‘Pure hell.”

It’s a phrase we use to describe a multitude of things, like two hours spent trapped in swampy summer interstate traffic with no air conditioning.

Or a torturous dinner with that fit fellow from the gym who, as it turns out, is a self-proclaimed depressive and only speaks in quotations from the “Lord of the Rings” trilogy.

Or the summer internship at that advertising agency where “learn all the nuances of the industry” really meant “spend afternoons picking alfalfa sprouts from the manager’s chicken fried rice.”

Hell is a comparison we make for dramatic effect, a place we curse each other to in the spiraling mess of an argument or an exclamation shouted over a stalling computer.

Hell is also a destination with which few of us have firsthand experience. (That old ad manager might really know. She seemed like the type of gal who might vacation on the lake of fire and brimstone.)

Our perceptions of the underworld are built from childhood memories of Sunday church services, maybe some Dante in college and a Clive Barker movie or two. And for some of us, an eternity spent in hell fire isn’t a possibility we put much thought into. The afterlife is an afterthought.

But in the early 1800s, people were putting a good deal of thought into hell — and their proximity to it.

Before the revivalists arrived in the 1790s with their all-nighter sermons, a belief in predestination reigned. Predominant thought held that your fate — either an eternity in heavenly comfort or drowning in a sea of fire — had been decided by God long before your newborn eyes opened to the world. No faith could redirect your course. No good works could change your soul’s ultimate destination.

“If you’re damned, it’s real scary and there’s nothing you can do about it,” said Tom Kelleher, current curator of historic trades, mills and mechanical arts at Old Sturbridge Village in Massachusetts.

Old Sturbridge Village is one of the country’s largest living history museums, presenting New England life as it was from 1790 to 1840. Re-enactors tend the fields, manage the mill and staff the bank, country store and school.

And some of them, like Kelleher, preach.

The religious movement known as the Second Great Awakening swept through the United States in the early 19th century — a theological wildfire sparked by the threatening flames of the netherworld.

Souls could be saved, this new thinking said, through religious revivals.

“You have the power to say, ‘God save me,’ or ‘To heck with this, I don’t believe it,’ ” said Kelleher. An individual’s soul can be saved “not through your good works but through accepting God.”

Revivalism spread to churches and meetinghouses and to fields and warehouses. And like the Jimmy Swaggarts of their time, revivalist preachers such as Jedediah Burchard rose from the ranks like flashy beacons of eternal salvation.

Kelleher takes special interest in the revivalist movement and in Jedediah Burchard, appearing in costume at Old Sturbridge Village to re-enact Rev. Burchard’s lively revivals. The preacher was a controversial fellow, said Kelleher, stirring debate among the congregations he visited. “He almost destroyed Middlebury College (in Vermont). His revival produced so much contention that it decimated the enrollment to about a quarter of what it had been,” he said.
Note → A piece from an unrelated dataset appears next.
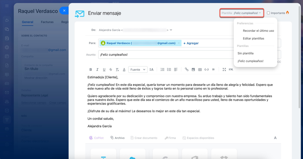 - Utiliza plantillas de correo electrónico si sueles enviar mensajes similares a tus clientes.

Burchard was also known to condemn individual townspeople from the pulpit — the threat of such reprobation in those times perhaps as frightening as hell itself.

The reverend’s work lends itself to re-enactment thanks to detailed accounts of Burchard’s preaching, transcribed verbatim by a couple of college students. A publisher hired the students to record everything the preacher said or did — from clapping his hands to leaping onto benches — like an historical screenplay.

These records enable Kelleher to bring Burchard back to life without having to fill in the gaps. “The problem with (other) revival services,” said Kelleher, “is that the ministers spoke extemporaneously. … They kind of read sermons, scholarly papers, and read this long, boring paper about ‘this passage means this and this passage means that,’ and the people would dutifully listen to it.”

What happened between the lines was anyone’s guess, and Kelleher didn’t want to make something up.

Kelleher has been appearing as the preacher for two decades. Tonight, he brings Burchard’s revival to Narramissic, the Peabody-Fitch Farm in Bridgton during a discussion and re-enactment called “Do you know what hell is?”

The event is a blend of New England history and old-fashioned entertainment. But it’s re-enactment for thought too. “It’s not to promote religion,” said Kelleher, “but to make people think about where we are and how we got here.”